Lewis remarks on the marvelous ear that Bunyan had for this kind of thing.

“Such passages seem to me the essential Bunyan. His prose comes to him not from the Authorized Version but from the fireside, the shop, and the lane. He is as native as Malory or Defoe. The Scriptural images themselves take on a new homeliness in these surroundings”[1]

And I should remark in passing that one of the reasons why Lewis was such a marvelous writer is that he was not threatened by the academic pretensions and pufferies that regularly surround aspiring writers, urging them to try to fit in a little better. Lewis had the same kind of ear that Bunyan did. Here is something he noticed about Elizabethan writers.

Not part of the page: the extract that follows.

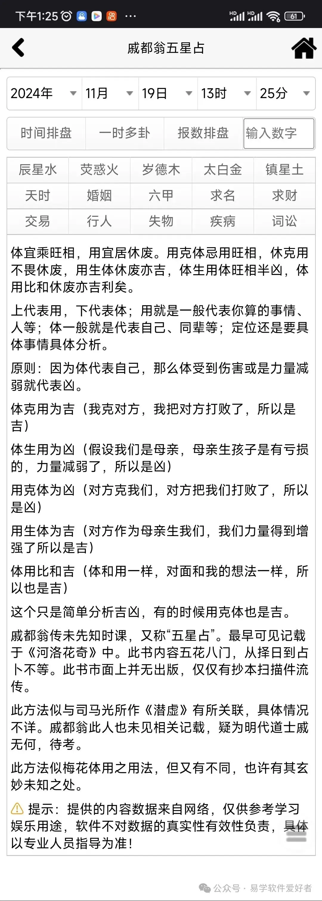 手机版戚都翁五星占排盘软件,卖38元,需要软件联系微信:A-118774
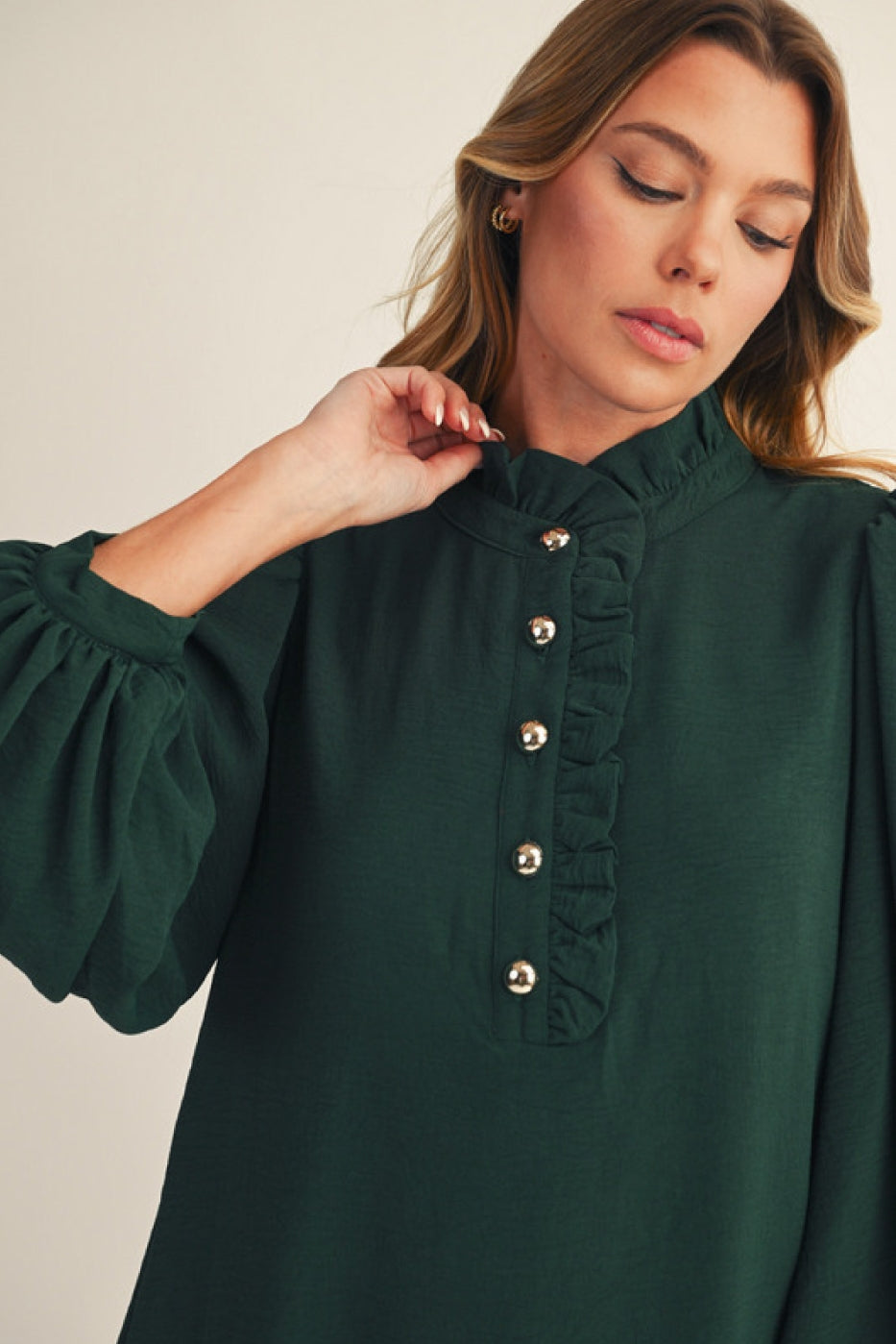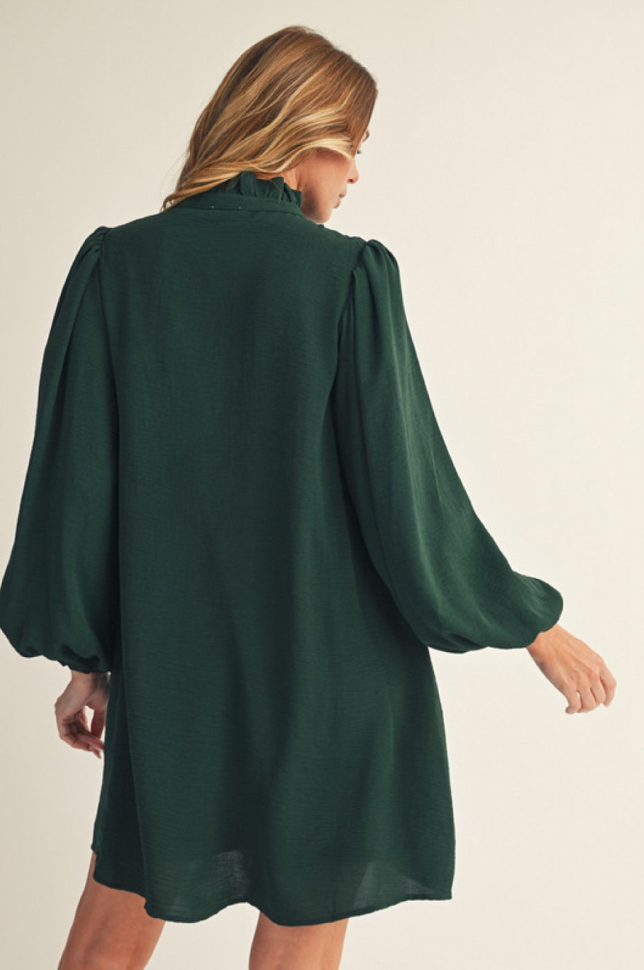 Long puff sleeves front button up shift dress with side pockets, ruffle detail.

“They talked more readily than we about large universals such as death, change, fortune, friendship, or salvation; but also about pigs, loaves, boots, and boats. The mind darted more easily to and fro between that mental heaven and earth: the cloud of middle generalizations, hanging between the two, was then much smaller. Hence, as it seems to us, both the naivety and the energy of their writing. Much of their literary strength (when at the end of the century they became strong) is bound up with this. They talk something like angels and something like sailors and stable-boys; never like civil servants or writers of leading articles”[2]

When Lewis says that the Elizabethans never wrote like civil servants or the writers of leading articles, you can tell where his sympathies are.

Ko-Ko from The Mikado once referred to this problem, as he was assembling his “little list” of potential executionees—

“Then the idiot who praises, with enthusiastic tone,

All centuries but this, and every country but his own”

[1] C.S. Lewis, Selected Literary Essays (Cambridge, UK: Cambridge University Press, 1969), p. 140.

[2] C.S. Lewis, English Literature in the Sixteenth Century (Cambridge, UK: Cambridge University Press, 1964), p. 62.